I think it's important to separate the phase of thinking up rejection ideas from the phase of actually executing them. If you think about actually executing the ideas as you're thinking them up, your brain might sort of freeze up and refuse to produce more.
Please upvote this comment because it could potentially save a lot of people $16--in other words, perhaps 1 in 10 people who read this thread would have been willing to pay $16 to read it (and that's not even counting all the consumer surplus generated for those who value the deck of rejection ideas at less than $16). How many other HN comments would a significant number of readers value at $16?
Though the point and goal is obviously to get rejected, I prefer the rejection ideas that have a chance of nice outcomes if not rejected. So, the mail a famous person a book idea over asking for a seat.
Some additional ideas:
* Ask for a raise
* Ask your employer to send you to a conference
* Ask the conference holder for free admission to the conference
* Ask for a neck massage (even better if you don't know or just met the person)
* Offer to buy lunch for somebody you admire but have never met
* Ask a friend to do your laundry
* Create a reddit post saying it won't make it to the front page :)
* Leave your wallet at home one day. Ask starbucks for a free coffee, ask a coworker to loan you the cash for lunch, etc.
* Got any debt? Call your debtors and ask for it to be lowered.
Update: Looks like the parent comment has been updating their suggestions as I was typing, so there's some unintentional dups here.
> People were surprisingly compliant—a total of 68 percent either got up or moved over in the "no justification" condition. The more justification that was offered, however, the less likely people were to stand up. Curiously, Blass notes, the most striking thing for many of the participants was just how difficult it was to ask for the seat ("I actually felt as if I were going to perish," recalled Milgram). It's not hard to imagine why; asking for help on a subway exposes one to both the risk of a certain stigma—and to the possibility of rejection.

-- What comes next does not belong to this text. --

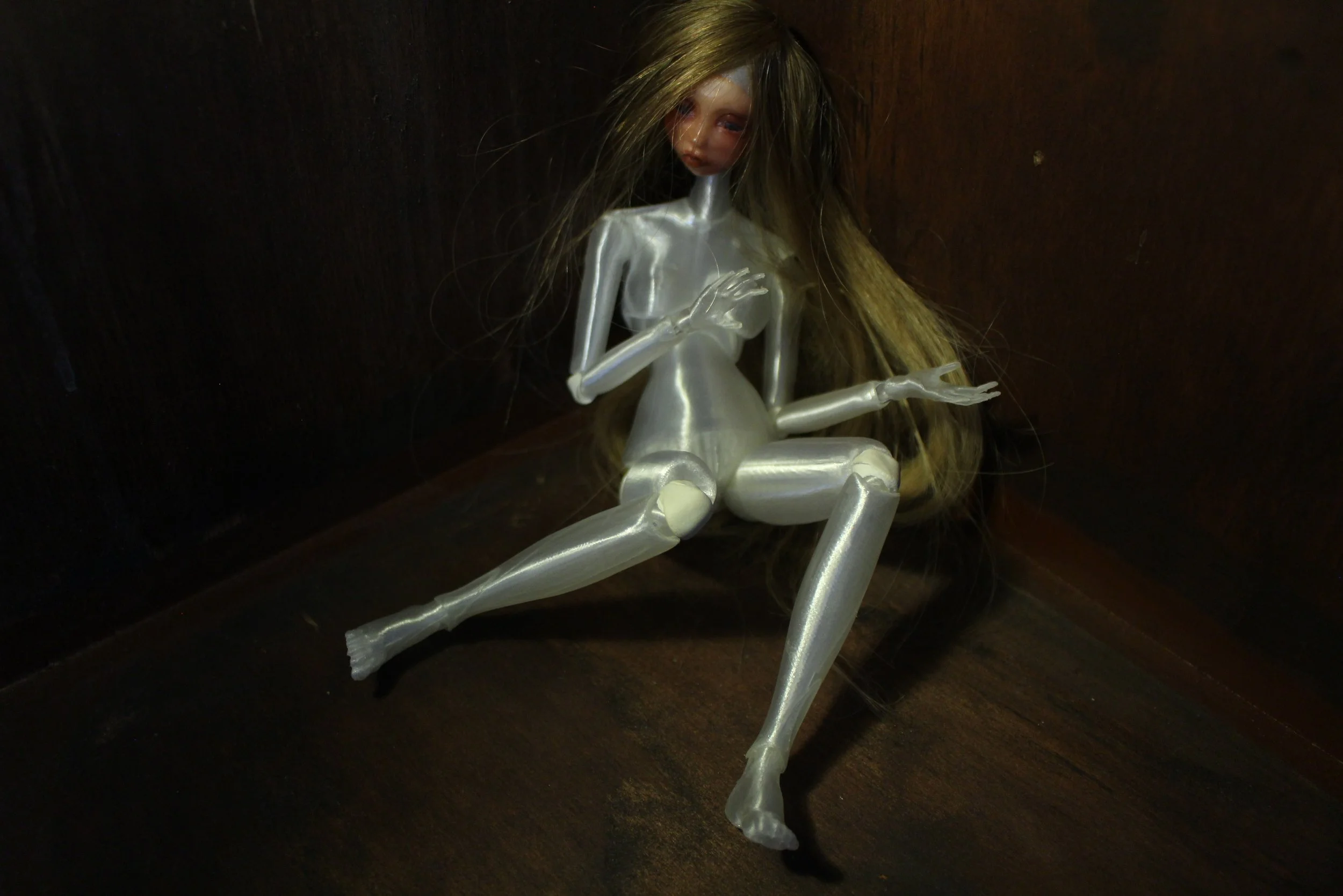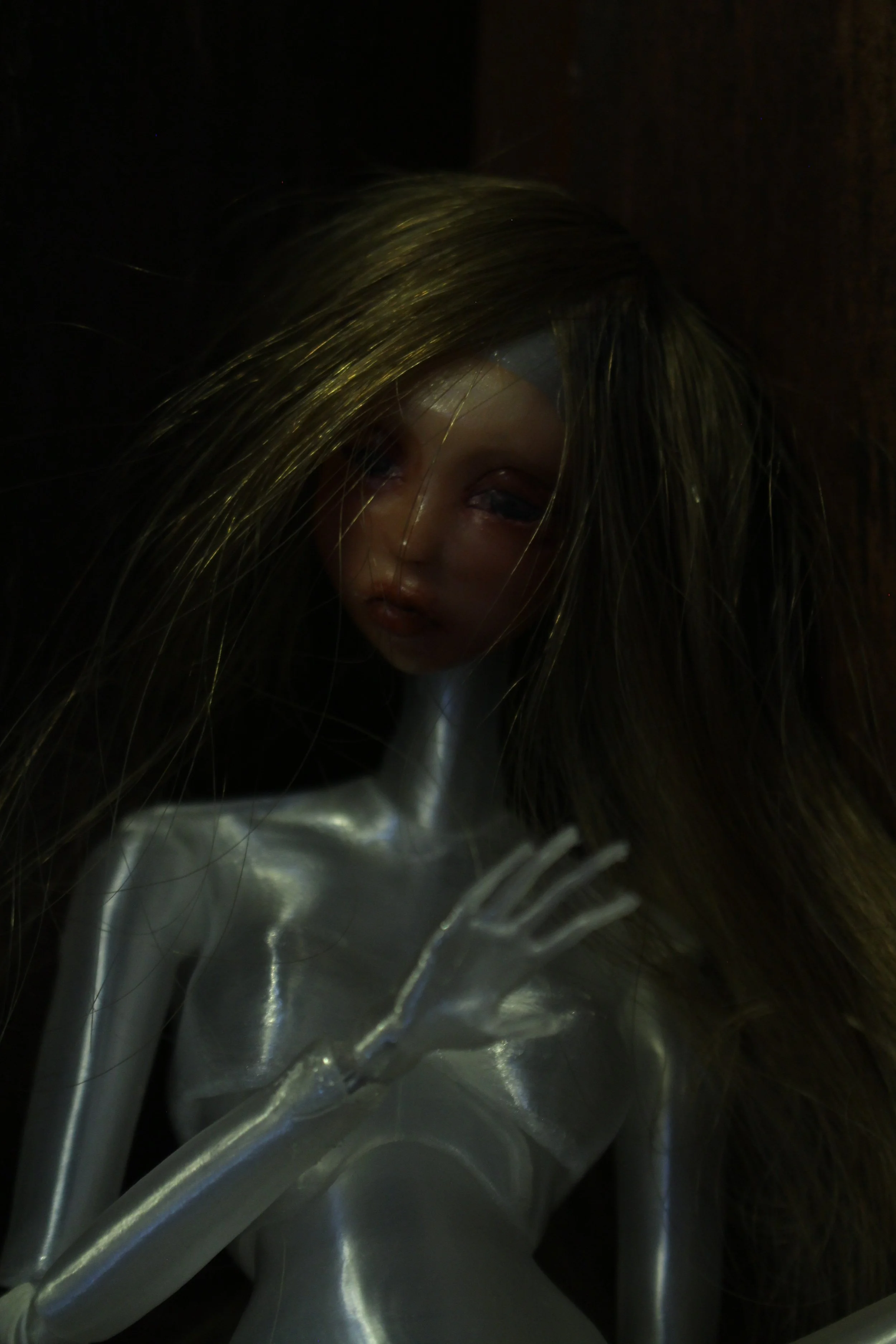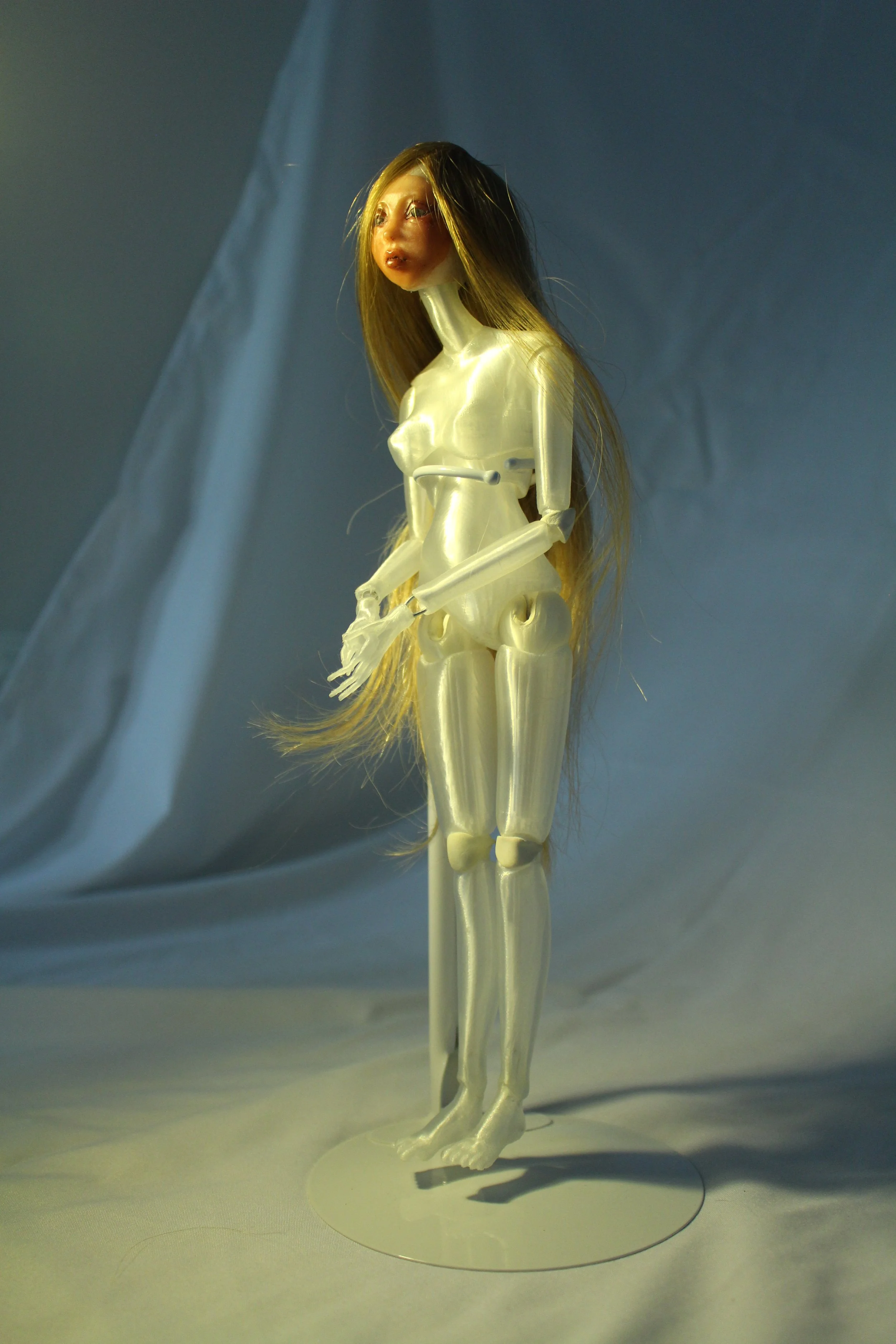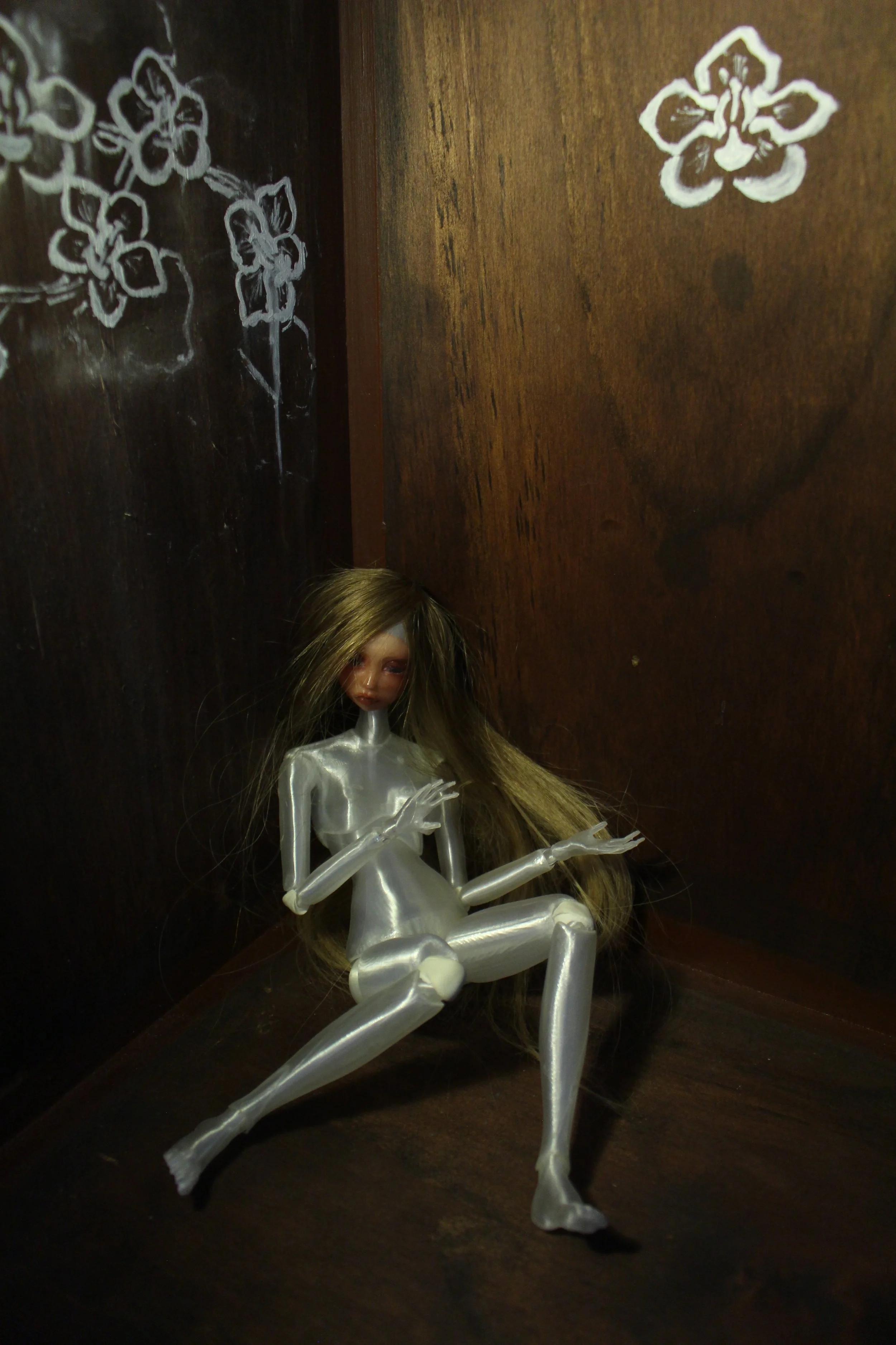 ‘Rejection’ explores the feelings of degradation connected to my experience as a woman. The subject is a hollow, ball-jointed doll unable to stand on its own. The face and hair suggest emotion and an organic life, but the body is frail and mechanical, poseable but not functional. When the head is removed, a mechanism within the neck is revealed. The viewer's presence completes the work, viewed as a voyeuristic experience.

There might be some truth to that statement in general, but in Up In The Air, usually it was obviously hollow, pacifying bullshit. (The guy with the cooking aspiration was an exception.)
Great idea. Hopefully the site will flourish and avoid turning into a spammy front for self-help products. It's a shame the content of the suggestion cards is only available by purchasing the physical cards.
Would it be wrong to take the meta-contrarian position on this one? Rejection, like death, kind of sucks.